Yes, this seems strange, but it's seems to be true. My network scheme is quite simple: (host1) <--- 10gbe ---> (bridge host) <--- 10gbe ---> (host2) host1 & host2 are actually VMWare ESXi hypervisors, but that's irrelevant in this case i think. Network adapters are Intel's 82599 10 gig cards on all hosts. At the bridge, on each interface i've created a vlan, and then bridged them: # vconfig add eth0 102 # vconfig add eth1 102 # brctl addbr br0 # brctl addif br0 eth0.102 # brctl addif br0 eth1.102 # ip link set br0 mtu 9000 up ...etc... At this point, the bridge seems to be working, i can ping between host1 & host2, even with jumbo frames without fragmentation.

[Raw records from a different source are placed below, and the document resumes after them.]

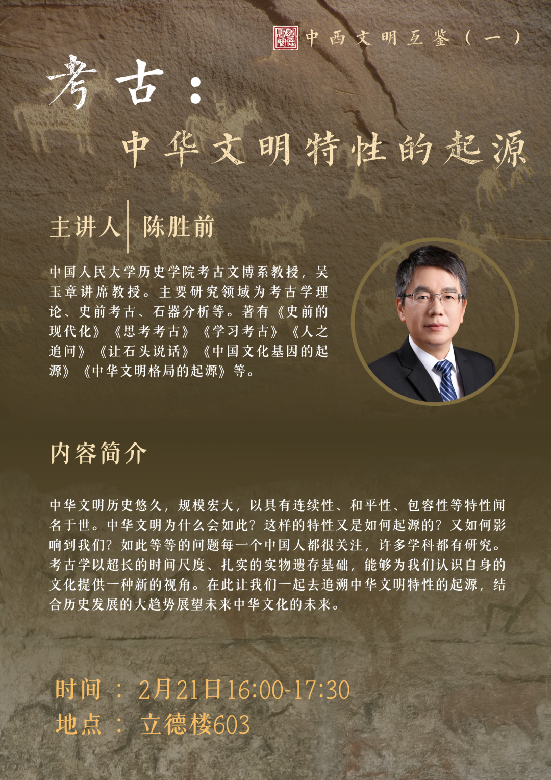 陈胜前,中国人民大学历史学院考古文博系教授,吴玉章讲席教授。主要研究领域为考古学理论、史前考古、石器分析等。著有《史前的现代化》《思考考古》《学习考古》《人之追问》《让石头说话》《中国文化基因的起源》《中华文明格局的起源》等。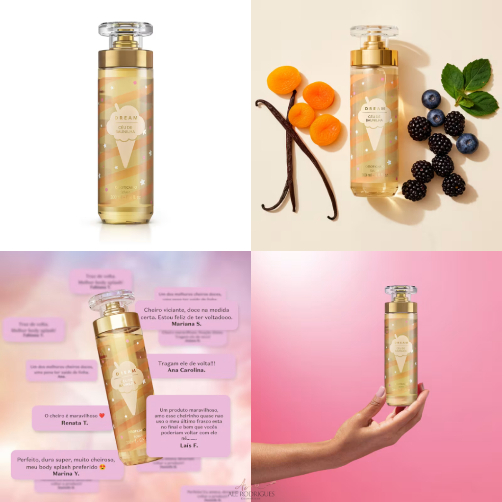 Body Splash O Boticário DREAM Viagem Encantada Ceu de Baunilha e Amor no Ar Se você é um verdadeiro BotiLover, sabe que alguns produtos deixam saudade, mas nunca saem das nossas conversas. E por muito tempo, um pedido em comum dominou as redes sociais: a volta dos Body Splashes Dream. A boa notícia é que a espera finalmente acabou e a linha está novamente entre nós. Agora, você tem a chance de garantir o seu queridinho de novo ou então, descobrir por que essas fragrâncias são tão amadas. Prepare o coração e venha conferir todos os detalhes dessas fragrâncias que vão transformar a sua rotina de cuidados em um verdadeiro sonho! Agora que você já sabe que esses clássicos voltaram a pedido do público, confira os detalhes de cada um dos Body Splashes que convidam a tirar a rotina do sério: Dream Viagem Encantada Uma verdadeira carona no arco-íris! O Dream Viagem Encantada é para quem ama fragrâncias doces e divertidas. Com notas de Pêra Caramelizada e o toque irresistível do Suspiro, ele transforma qualquer dia cinza em uma explosão de cores e alegria. É o Floral Gourmand ideal para quem quer se sentir leve o dia todo. Pirâmide Olfativa Topo: era, Limão, Cassis Corpo: Jasmim, Açúcar Mascavo, Muguet Fundo: Cedro, Musgo de Carvalho, Musk Dream Céu de Baunilha A vida fica muito mais doce quando a gente imagina. O Dream Céu de Baunilha traz aquela fragrância gourmand que abraça, misturando o frescor do limão e da pimenta rosa com a cremosidade do Damasco e das Frutas Roxas. É como mergulhar em uma nuvem de conforto e indulgência. Pirâmide Olfativa Topo: Frutas Roxas, Limão, Pimenta Rosa e Frutas Secas. Corpo: Cashmere, Flor Solar, Damasco. Fundo: Âmbar, Musk Branco, Warn Milk, Maltol e Baunilha. Dream Amor No Ar Delicado e romântico, o Dream Amor No Ar é para os sonhadores de plantão. Sua fragrância Floral Amadeirada combina o frescor da Bergamota e do Cassis com um buquê clássico de Rosa e Flor de Lótus. É o item ideal para momentos em que você quer se sentir feminina e envolta em uma aura de encanto. Pirâmide Olfativa Topo: Bergamota, Laranja, Mandarina, Limão, Cassis e Maçã. Corpo: Rosa, Tília, Frésia, Flor de Lótus, Ameixa, Gardênia e Pêssego Fundo: Âmbar, Sândalo, Baunilha, Tonka e Musk. #CombinaçõesDoBoti: Descubra o layering e crie combinações incríveis com Dream! Viagem Encantada + Amor No Ar: Floral intenso & Dulçor confortável - Combinação que exalta maior presença de floralidade cremosa e frescor frutal. Céu De Baunilha + Amor No Ar: Floral intenso & Dulçor confortável - Combinação que exalta maior presença de floralidade cremosa e frescor frutal. Dream Amor no Ar, para acreditar que a vida pode ser cor de rosa sem precisar de príncipe encantado ou sapatinho de cristal! Nenhum produto O Boticário é testado em animais, ou seja, este item possui o selo Cruelty Free. Conselho de Aplicação Como usar o body splash? Borrife a fragrância nas áreas onde há maior circulação do sangue, como o pescoço, dobras do cotovelo e atrás das orelhas. Para aumentar o potencial da perfumação, experimente preparar a pele com os nossos produtos de Corpo e Banho. Escolha seu DREAM preferido ou leve os 3 para casa! Opções: 01. DREAM Viagem Encantada 200ml 02. DREAM Céu de Baunilha 200ml 03. DREAM Amor no Ar 200ml 04. Combo 3 DREAM 200ml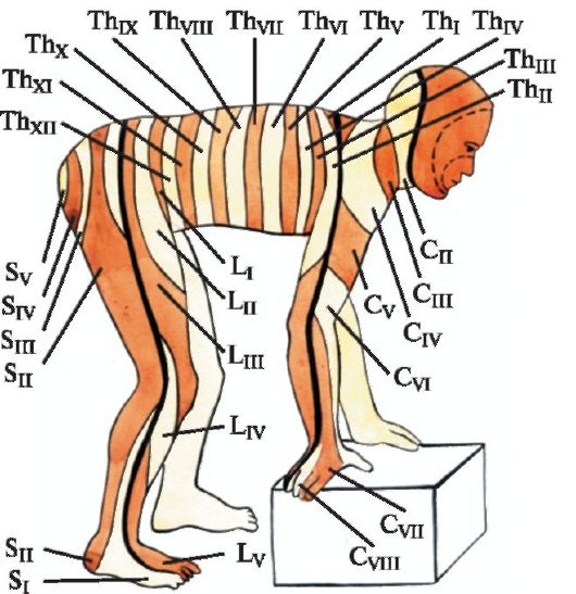 Уровень сегментарной иннервации можно определить, пользуясь следующими ориентирами: уровень подмышечной впадины - второй грудной сегмент - Th2, уровень сосков - Th5, уровень пупка - Th10, уровень паховой складки - Th12. Нижние конечности иннервируются поясничными и верхними крестцовыми сегментами.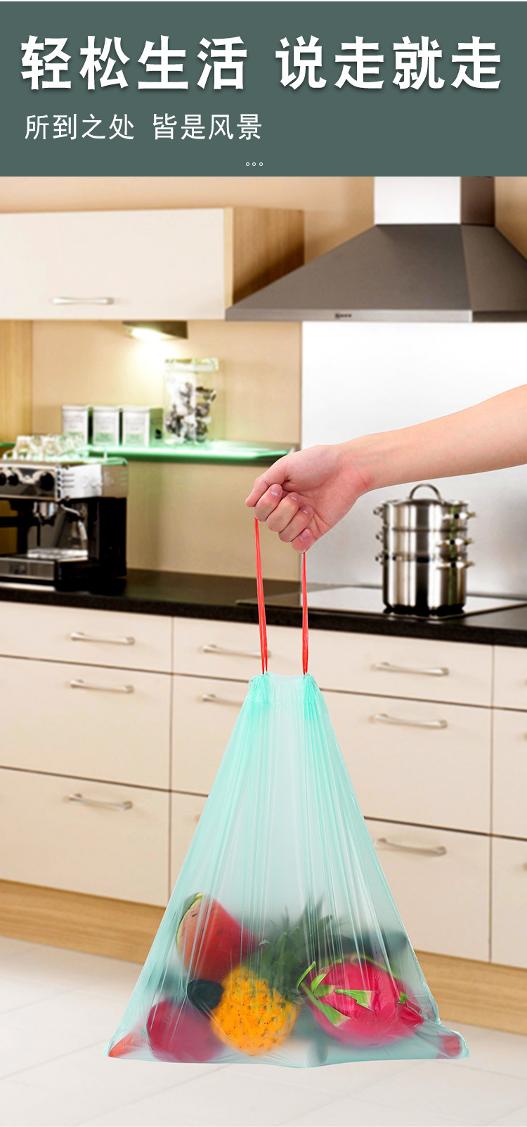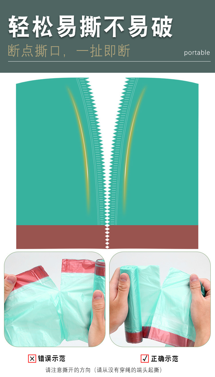 巾着ゴミ袋、厚みのある自動閉鎖ゴミ袋、ポータブルビニール袋、家庭用キッチン使い捨てゴミ袋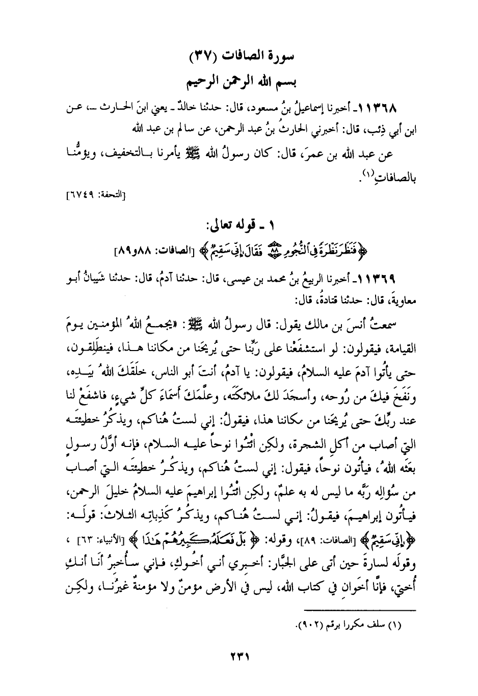 11368 - أَخْبَرَنَا إِسْمَاعِيلُ بْنُ مَسْعُودٍ، قَالَ: حَدَّثَنَا خَالِدٌ يَعْنِي ابْنَ الْحَارِثِ، عَنِ ابْنِ أَبِي ذِئْبٍ، قَالَ: أَخْبَرَنِي الْحَارِثُ بْنُ عَبْدِ الرَّحْمَنِ، عَنْ سَالِمِ بْنِ عَبْدِ اللهِ، عَنْ عَبْدِ اللهِ بْنِ عُمَرَ، قَالَ: «كَانَ رَسُولُ اللهِ صَلَّى اللهُ عَلَيْهِ وَسَلَّمَ §يَأْمُرُنَا بِالتَّخْفِيفِ وَيَؤُمُّنَا بِالصَّافَّاتِ»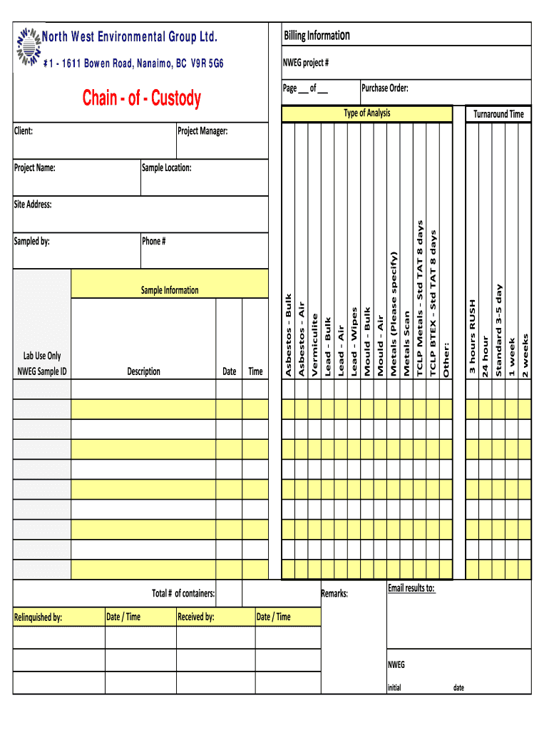 Get the free North West chainofcustody - Nanaimo Office V1.0C.xlsx - nwest bc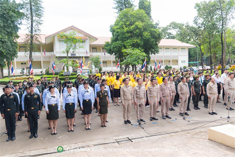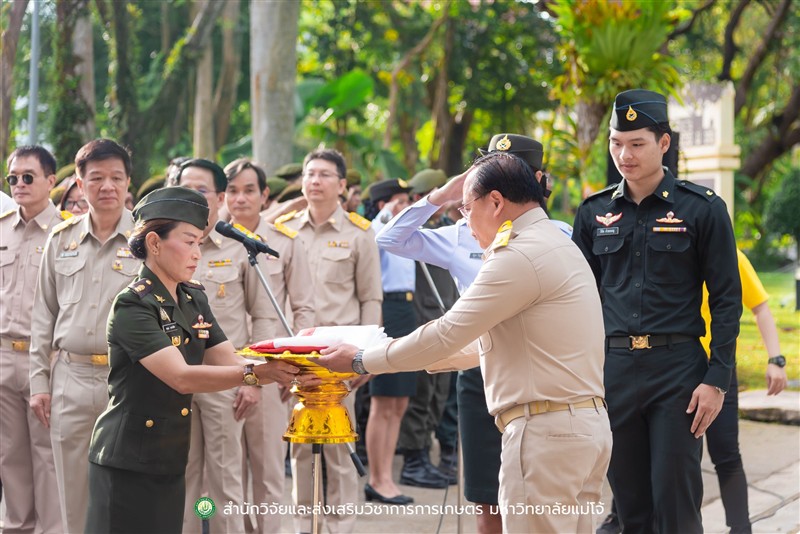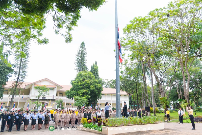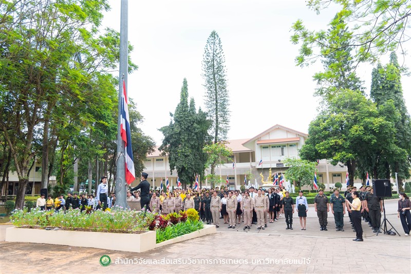 เมื่อวันที่ 29 กันยายน 2568 เวลา 07.30 น. สำนักวิจัยฯ มหาวิทยาลัยแม่โจ้ โดย ผู้ช่วยศาสตราจารย์ ดร.ณัฐพล เลาห์รอดพันธุ์ ผู้อำนวยการสำนักวิจัยฯ และนายอดิศักดิ์ การพึ่งตน หัวหน้างานสนับสนุนโครงการตามพระราชดำริและพัฒนาเชิงพื้นที่ เข้าร่วมกิจกรรมเคารพธงชาติและร้องเพลงชาติไทย เนื่องในวันพระราชทานธงชาติไทย (Thai National Flag Day) 28 กันยายน ประจําปี 2568 เพื่อเป็นการสร้างความภาคภูมิใจของคนในชาติและเป็นการน้อมรำลึกในพระมหากรุณาธิคุณพระบาทสมเด็จพระมงกุฎเกล้าเจ้าอยู่หัว ที่ทรงพระราชทานธงไตรรงค์เป็นธงชาติไทย ณ เสาธง หน้าพระพิรุณทรงนาค อาคารสํานักงานมหาวิทยาลัย มหาวิทยาลัยแม่โจ้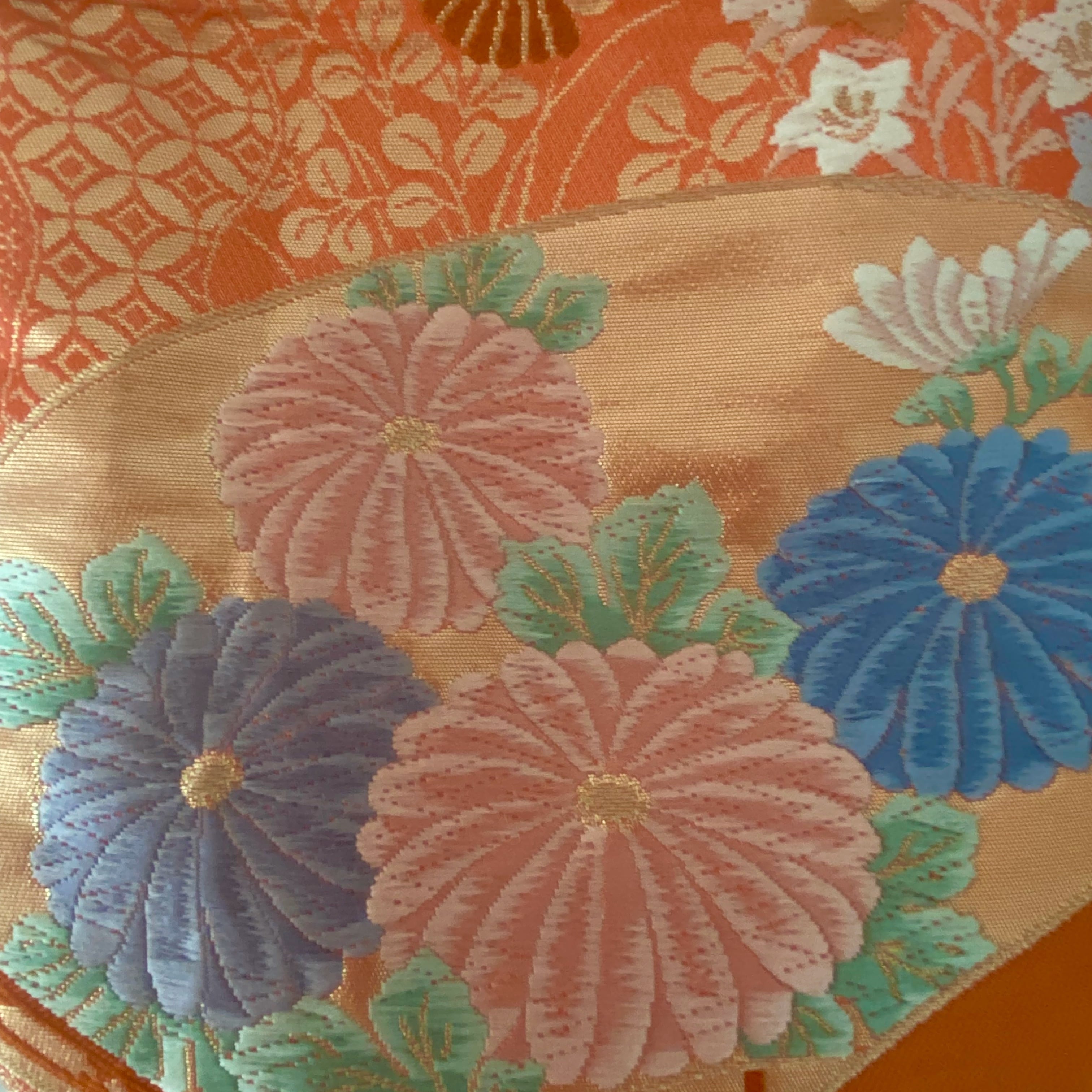 光沢のある朱色をベース菊や梅、桔梗、撫子など四季折々の花で飾られた扇子が美しく織り込まれています。華やかでありながら上品、とても優美な扇子柄です。扇子は末広がりの形から繁栄のシンボルとされ、また福を呼び寄せるとして演技の良い人気の柄です。

BUT when i am trying to use iperf & friends to measure raw tcp speed between hosts 1/2, i'm getting something weird like 7-10 MEGABITS per second, or even an iperf hang until ctrl+c. If i attach an ip address to the bridge, and measure between hosts and the bridge, it works flawlessly, rendering 9.8Gbit/s in both directions. While trying to find a solution, when i ran out of options, i've set net.ipv4.ip_forward to 1, and, SURPRISE, the bridge started to work like a charm, at almost 10gig speed. What makes it stranger, is that in my kernel, i've turned off all routing code, iptables and other stuff, as this host serves primarily as iSCSI target. I have little knowledge in kernel's deep internals, but i always thought that bridging & routing are on different levels of operation and couldn't affect each other (ebtables is an exception, but i don't have it :) ). Maybe i'm interpreting the results wrong, but i've ruled out everything else. Currently, i can't use this setup as a test ground, i'll try to replicate the scheme in a virtual environment to see if other kernels are affected as well. Glad to hear any ideas on this.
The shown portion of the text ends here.